## TASK DATA
════════

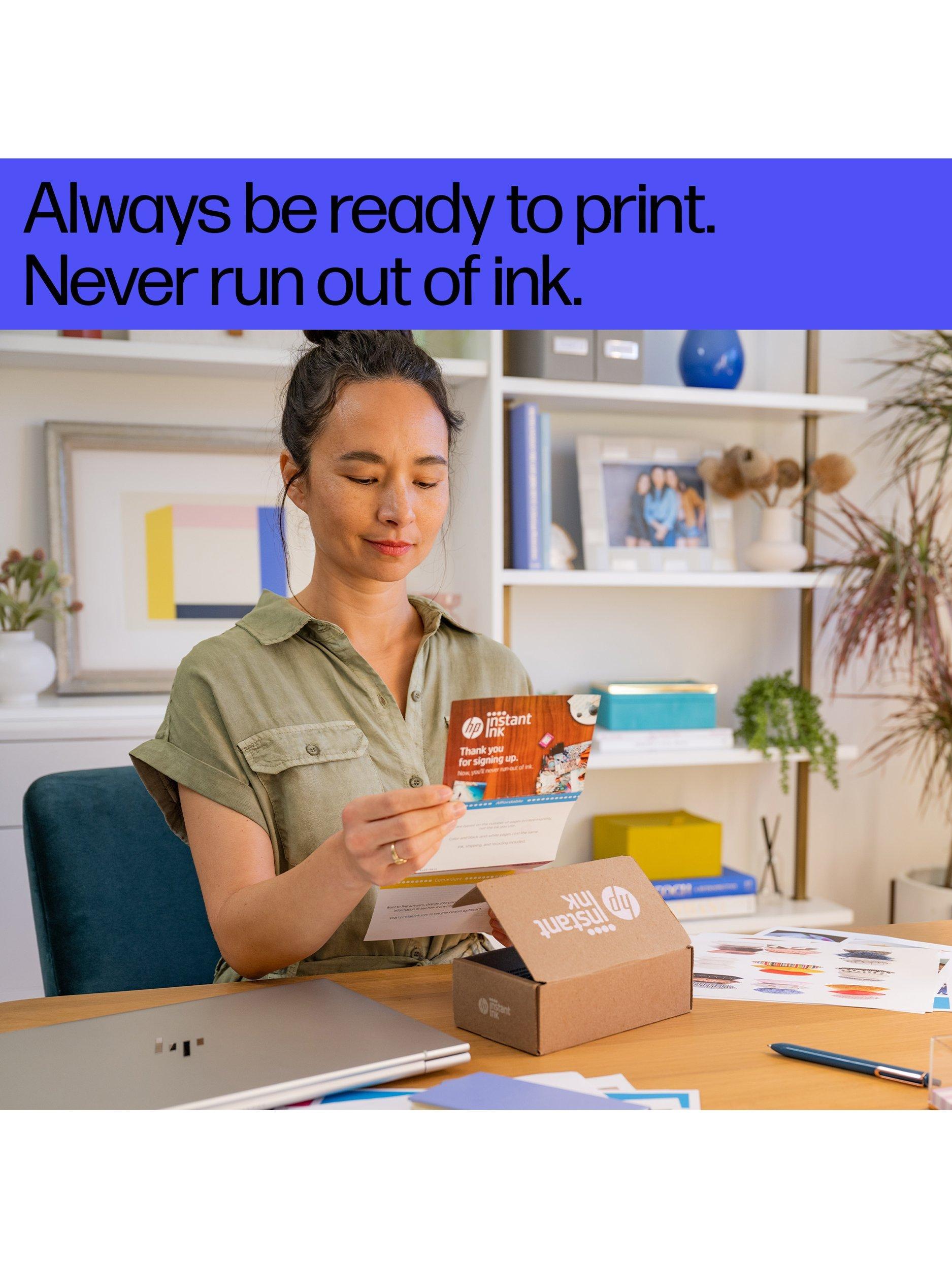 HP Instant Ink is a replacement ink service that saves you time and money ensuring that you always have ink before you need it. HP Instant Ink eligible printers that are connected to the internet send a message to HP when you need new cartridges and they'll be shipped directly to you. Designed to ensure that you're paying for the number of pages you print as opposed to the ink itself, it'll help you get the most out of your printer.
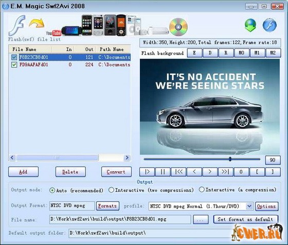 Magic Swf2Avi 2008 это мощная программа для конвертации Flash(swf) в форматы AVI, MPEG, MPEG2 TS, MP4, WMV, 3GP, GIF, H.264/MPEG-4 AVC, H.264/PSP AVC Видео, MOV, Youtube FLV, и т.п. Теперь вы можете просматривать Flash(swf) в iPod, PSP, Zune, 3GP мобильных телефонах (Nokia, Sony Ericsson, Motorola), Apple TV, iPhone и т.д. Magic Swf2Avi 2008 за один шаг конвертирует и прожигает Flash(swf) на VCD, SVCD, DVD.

════════

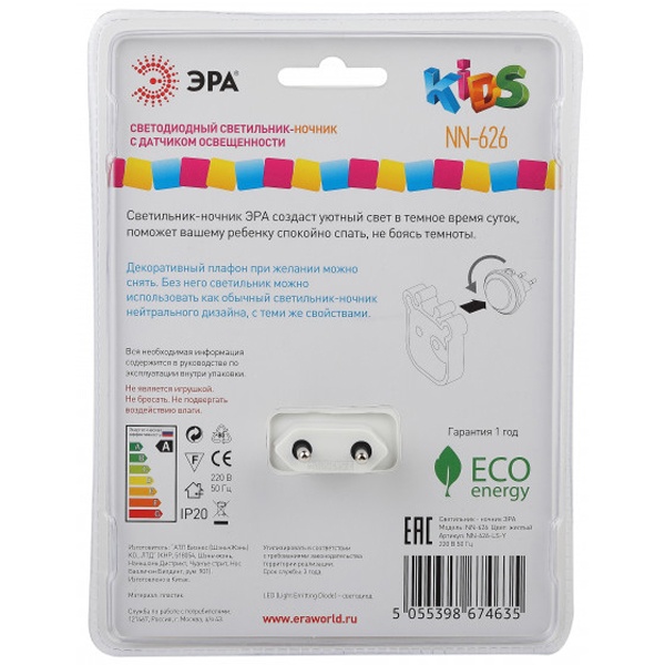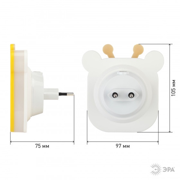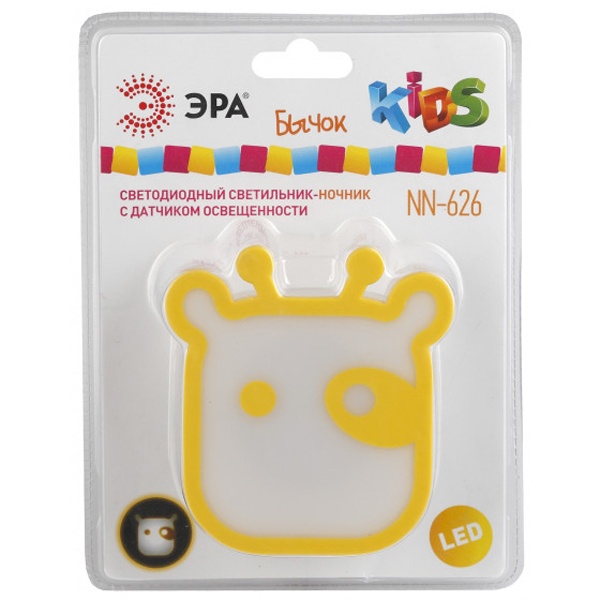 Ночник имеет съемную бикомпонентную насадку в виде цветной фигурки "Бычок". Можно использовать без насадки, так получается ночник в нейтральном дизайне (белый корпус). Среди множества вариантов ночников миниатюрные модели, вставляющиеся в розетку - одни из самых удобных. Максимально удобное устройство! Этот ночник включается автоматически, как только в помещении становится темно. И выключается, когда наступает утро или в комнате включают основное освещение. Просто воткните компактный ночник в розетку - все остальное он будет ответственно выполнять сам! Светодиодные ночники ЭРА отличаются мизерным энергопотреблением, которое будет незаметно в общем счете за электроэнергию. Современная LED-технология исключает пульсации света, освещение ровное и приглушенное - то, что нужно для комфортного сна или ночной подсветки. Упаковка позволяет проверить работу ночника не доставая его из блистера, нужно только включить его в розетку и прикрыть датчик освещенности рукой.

════════

## WHAT IS REQUIRED
Copy back exactly the lines above from the one containing "HP Instant Ink is" through the one containing "Magic Swf2Avi 2008 это", and leave every picture behind.

## SOLUTION FOR THIS EXERCISE
 HP Instant Ink is a replacement ink service that saves you time and money ensuring that you always have ink before you need it. HP Instant Ink eligible printers that are connected to the internet send a message to HP when you need new cartridges and they'll be shipped directly to you. Designed to ensure that you're paying for the number of pages you print as opposed to the ink itself, it'll help you get the most out of your printer.
 Magic Swf2Avi 2008 это мощная программа для конвертации Flash(swf) в форматы AVI, MPEG, MPEG2 TS, MP4, WMV, 3GP, GIF, H.264/MPEG-4 AVC, H.264/PSP AVC Видео, MOV, Youtube FLV, и т.п. Теперь вы можете просматривать Flash(swf) в iPod, PSP, Zune, 3GP мобильных телефонах (Nokia, Sony Ericsson, Motorola), Apple TV, iPhone и т.д. Magic Swf2Avi 2008 за один шаг конвертирует и прожигает Flash(swf) на VCD, SVCD, DVD.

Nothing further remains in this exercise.